Answered by Douglas Hiatt

Differential diagnosis for bamboo spine includes conditions that can cause spinal fusion or similar radiographic findings. These conditions may present with similar symptoms or radiographic features, making it important for clinicians to consider and differentiate between them.

1. Ankylosing Spondylitis (AS): AS is the most common cause of bamboo spine. It is a chronic inflammatory disease that primarily affects the spine, leading to fusion of vertebral bodies and posterior elements. Other characteristic features of AS include sacroiliitis, uveitis, enthesitis, and peripheral arthritis.

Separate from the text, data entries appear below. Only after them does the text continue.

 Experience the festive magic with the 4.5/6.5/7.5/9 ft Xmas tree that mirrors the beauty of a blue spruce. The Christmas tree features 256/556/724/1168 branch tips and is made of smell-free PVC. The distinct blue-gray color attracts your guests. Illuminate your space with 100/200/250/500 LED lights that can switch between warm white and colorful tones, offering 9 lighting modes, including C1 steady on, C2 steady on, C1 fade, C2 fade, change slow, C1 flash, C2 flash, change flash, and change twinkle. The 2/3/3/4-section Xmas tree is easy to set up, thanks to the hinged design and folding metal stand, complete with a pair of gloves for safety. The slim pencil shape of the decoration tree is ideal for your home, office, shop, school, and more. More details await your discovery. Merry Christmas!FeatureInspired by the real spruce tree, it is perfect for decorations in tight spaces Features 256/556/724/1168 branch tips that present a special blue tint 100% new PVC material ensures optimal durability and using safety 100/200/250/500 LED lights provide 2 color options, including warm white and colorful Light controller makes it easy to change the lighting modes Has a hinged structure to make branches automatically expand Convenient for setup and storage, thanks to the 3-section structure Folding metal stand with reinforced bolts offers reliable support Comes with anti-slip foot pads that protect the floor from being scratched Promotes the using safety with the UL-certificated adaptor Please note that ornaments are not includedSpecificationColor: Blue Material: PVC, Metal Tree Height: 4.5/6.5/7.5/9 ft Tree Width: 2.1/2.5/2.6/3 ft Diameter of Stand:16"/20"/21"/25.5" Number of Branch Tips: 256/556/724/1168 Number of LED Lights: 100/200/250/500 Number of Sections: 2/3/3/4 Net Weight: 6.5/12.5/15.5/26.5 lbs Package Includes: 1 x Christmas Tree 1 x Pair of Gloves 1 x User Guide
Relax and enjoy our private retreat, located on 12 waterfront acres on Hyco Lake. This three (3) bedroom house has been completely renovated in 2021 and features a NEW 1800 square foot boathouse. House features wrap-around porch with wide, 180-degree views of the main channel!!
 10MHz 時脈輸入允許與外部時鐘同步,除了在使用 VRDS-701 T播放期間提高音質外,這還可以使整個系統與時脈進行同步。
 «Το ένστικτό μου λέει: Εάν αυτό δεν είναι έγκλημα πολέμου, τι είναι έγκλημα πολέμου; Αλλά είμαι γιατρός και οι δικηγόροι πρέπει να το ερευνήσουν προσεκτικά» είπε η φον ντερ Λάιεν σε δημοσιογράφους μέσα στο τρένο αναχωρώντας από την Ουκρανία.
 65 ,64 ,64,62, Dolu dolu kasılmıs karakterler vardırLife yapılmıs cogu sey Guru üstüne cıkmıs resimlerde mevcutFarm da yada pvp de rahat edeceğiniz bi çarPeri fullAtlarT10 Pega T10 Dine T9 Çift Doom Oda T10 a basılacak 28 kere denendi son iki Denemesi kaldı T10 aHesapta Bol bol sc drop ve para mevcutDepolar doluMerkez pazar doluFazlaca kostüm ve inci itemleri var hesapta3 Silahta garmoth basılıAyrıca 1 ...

2. Diffuse Idiopathic Skeletal Hyperostosis (DISH): DISH is a condition characterized by calcification and ossification of ligaments and entheses, particularly on the anterior aspect of the spine. It can result in vertebral fusion similar to bamboo spine. However, DISH typically affects older individuals and is not associated with inflammation or involvement of sacroiliac joints.

3. Ossification of the Posterior Longitudinal Ligament (OPLL): OPLL is a condition in which there is abnormal calcification and ossification of the posterior longitudinal ligament of the spine. This can lead to spinal stenosis and fusion of vertebral bodies. OPLL typically affects the cervical spine, but in some cases, it can involve the thoracic and lumbar spine as well.

4. Rheumatoid Arthritis (RA): RA is a chronic autoimmune disease that primarily affects the joints, including the spine. In advanced cases, RA can lead to vertebral fusion, resembling bamboo spine. However, the pattern of fusion in RA is typically different from AS, with involvement of the atlantoaxial joint and subaxial spine.

5. Psoriatic Arthritis (PsA): PsA is a form of inflammatory arthritis that occurs in some individuals with psoriasis. It can affect the spine and lead to fusion of vertebral bodies, similar to bamboo spine. However, PsA often presents with distinctive features such as dactylitis (swelling of an entire digit) and nail changes.

6. Reactive Arthritis: Reactive arthritis is an inflammatory arthritis that occurs following an infection in another part of the body, typically the genitourinary or gastrointestinal tract. It can cause spinal inflammation and fusion, resembling bamboo spine. However, reactive arthritis often presents with other features such as urethritis, conjunctivitis, and asymmetric arthritis.

7. Seronegative Spondyloarthropathies: This group of conditions includes conditions like enteropathic arthritis, undifferentiated spondyloarthritis, and reactive arthritis. These conditions can cause spinal inflammation and fusion similar to bamboo spine. They are characterized by the absence of rheumatoid factor and anti-cyclic citrullinated peptide antibodies.

It is important to note that a thorough clinical evaluation, including assessment of symptoms, physical examination, laboratory tests, and imaging studies, is necessary to make an accurate diagnosis and differentiate between these conditions. The presence of specific clinical features, such as sacroiliitis in AS or psoriasis in PsA, can help guide the diagnosis.